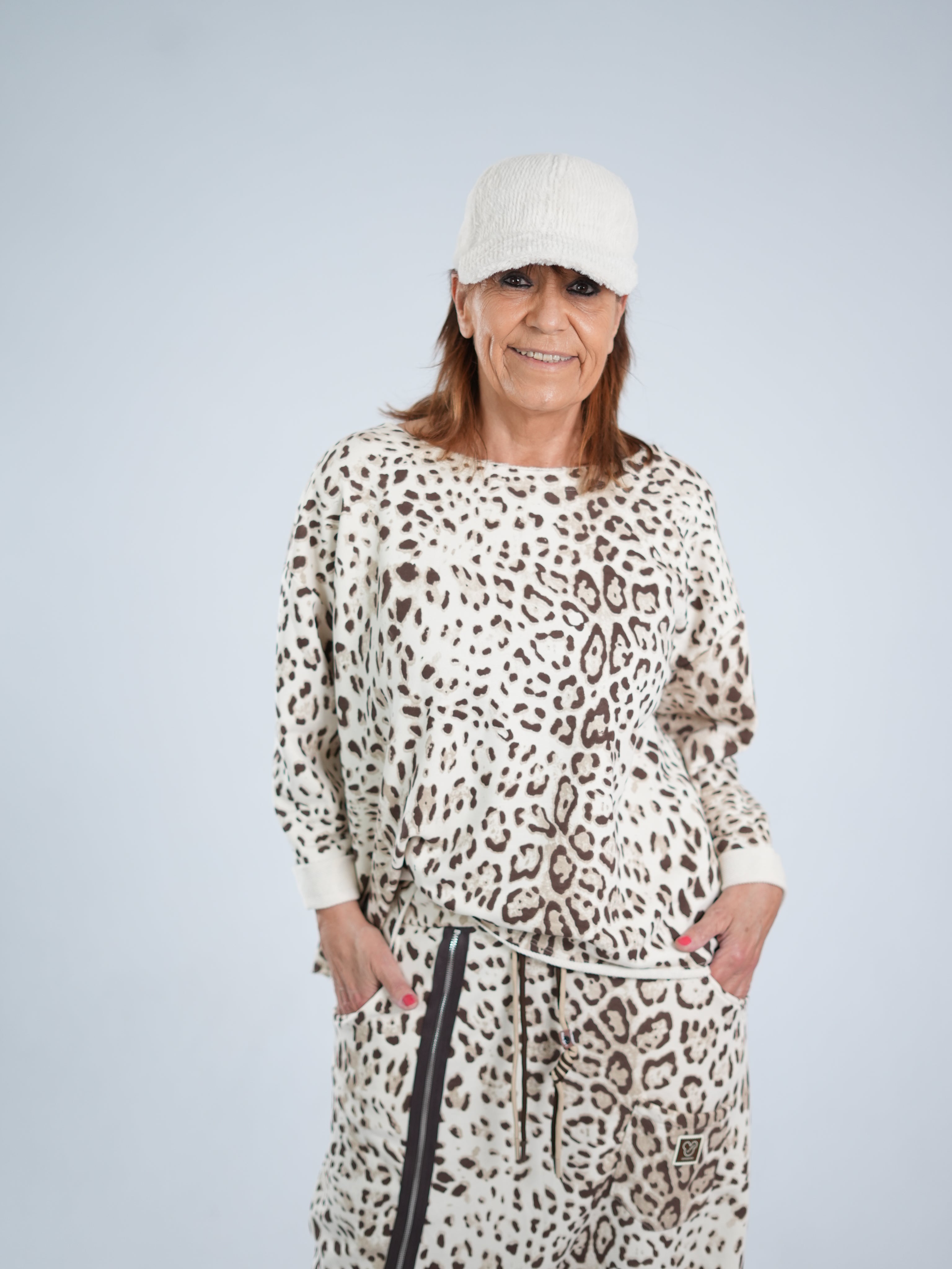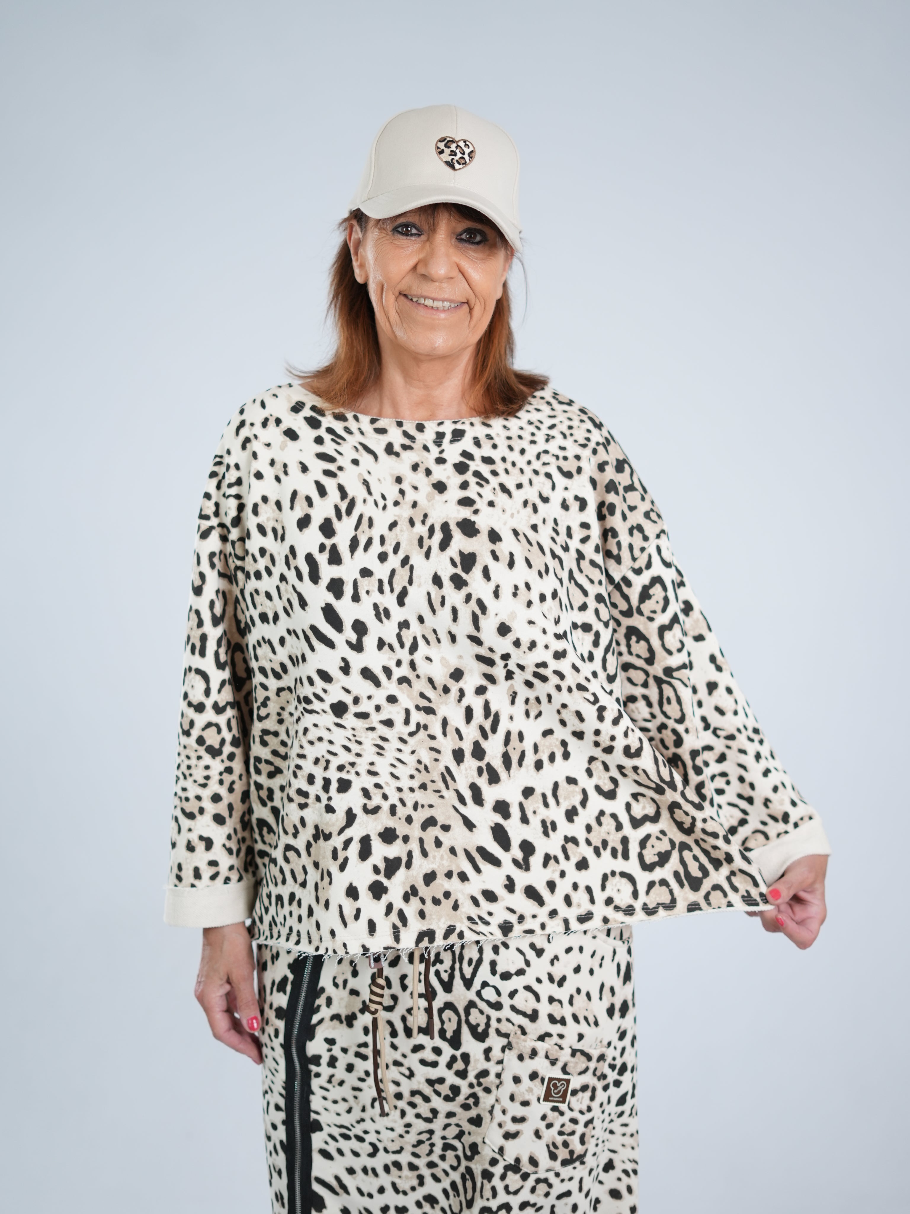 Marion ist 172cm groß und trägt Größe 40/42. Sie ist auf allen Produktbildern zu sehen und präsentiert die wunderschönen onesize Outfits.
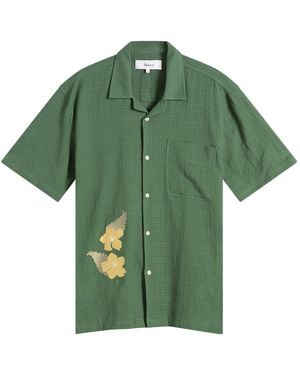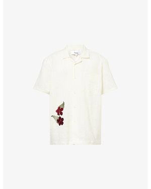 Checked Short-Sleeve Cotton And Linen-Blend Shirt - Blue
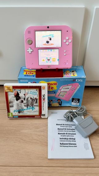 Console portatile Nintendo 2DS in colore rosa, edizione Tomodachi Life, ideale da portare ovunque. Include il gioco Nintendogs + Cats: Bulldog Francese. In condizioni impeccabili. - Include caricabatterie. - Include scatola originale. - Include manuali. Il gioco Tomodachi Life non è incluso.
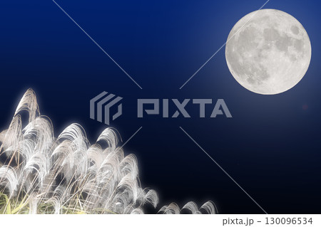 秋の月見イメージ素材。満月とススキの自然風景素材
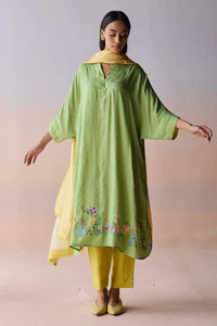 The Morning Whisper Kurta Set holds the hush of early hours, when light filters gently through leaves and the world feels tenderly awake. Its green tones echo the freshness of nature, quiet yet full of life.
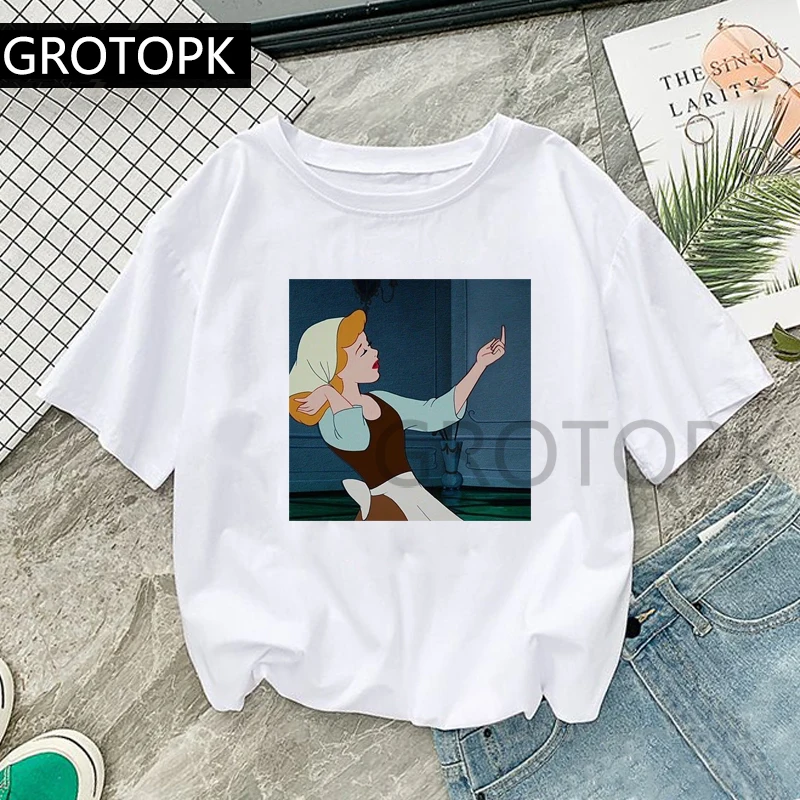 GROTOPK Women’s Spoof T Shirt Cotton O-Neck Rude Cinderella T-Shirt Punk Print Casual Short Sleeve Harajuku Tshirt Streetwear
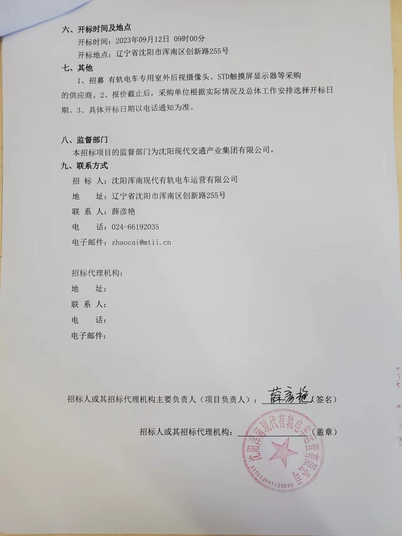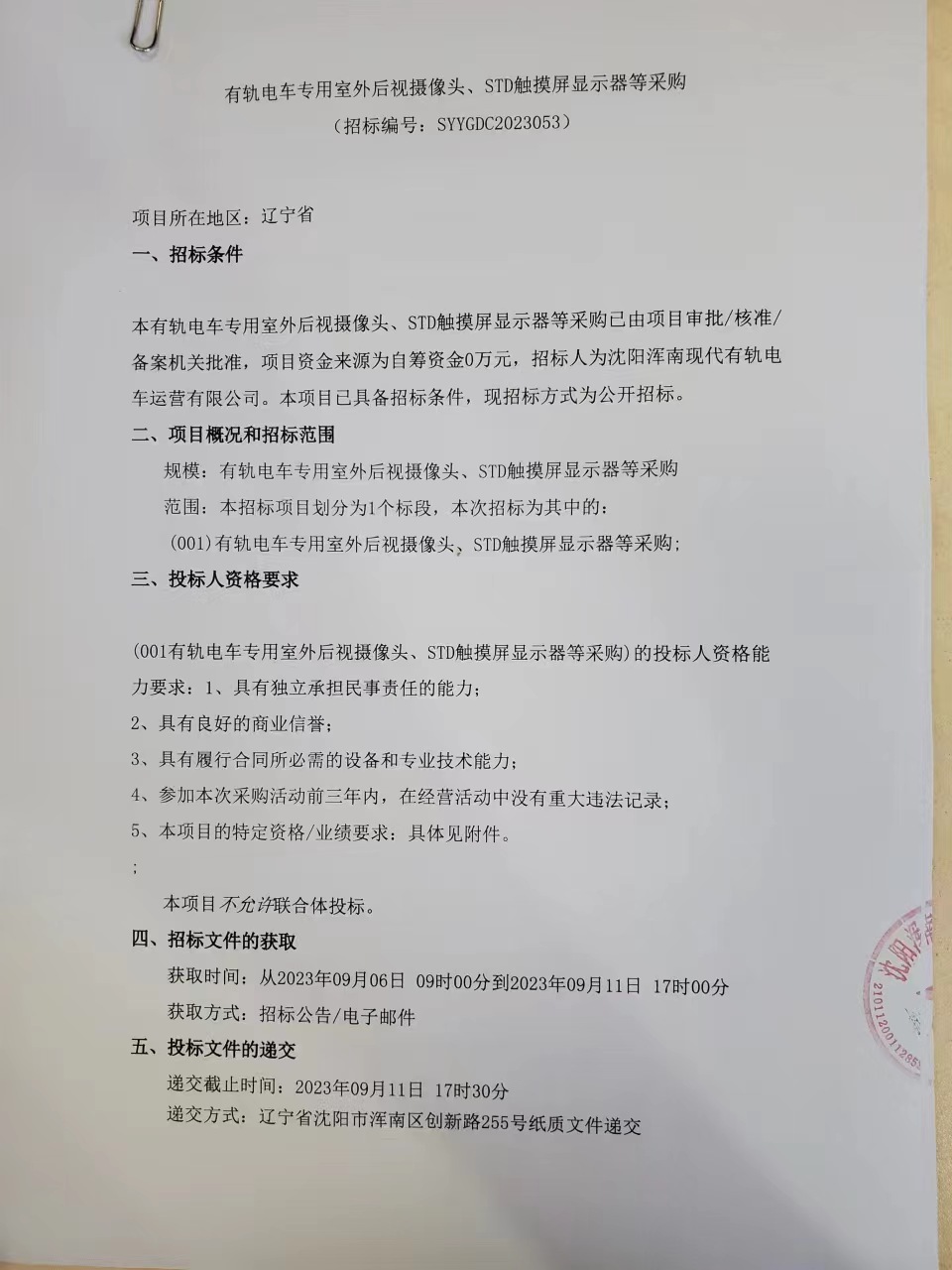 招采公告-招募“有轨电车专用室外后视摄像头、STD触摸屏显示器等采购”供应商

■ **What needs to be done**
Retype the data above in full, exactly as it stands, and skip any image.

■ **Exercise solution**
 Marion ist 172cm groß und trägt Größe 40/42. Sie ist auf allen Produktbildern zu sehen und präsentiert die wunderschönen onesize Outfits.
 Checked Short-Sleeve Cotton And Linen-Blend Shirt - Blue
 Console portatile Nintendo 2DS in colore rosa, edizione Tomodachi Life, ideale da portare ovunque. Include il gioco Nintendogs + Cats: Bulldog Francese. In condizioni impeccabili. - Include caricabatterie. - Include scatola originale. - Include manuali. Il gioco Tomodachi Life non è incluso.
 秋の月見イメージ素材。満月とススキの自然風景素材
 The Morning Whisper Kurta Set holds the hush of early hours, when light filters gently through leaves and the world feels tenderly awake. Its green tones echo the freshness of nature, quiet yet full of life.
 GROTOPK Women’s Spoof T Shirt Cotton O-Neck Rude Cinderella T-Shirt Punk Print Casual Short Sleeve Harajuku Tshirt Streetwear
 招采公告-招募“有轨电车专用室外后视摄像头、STD触摸屏显示器等采购”供应商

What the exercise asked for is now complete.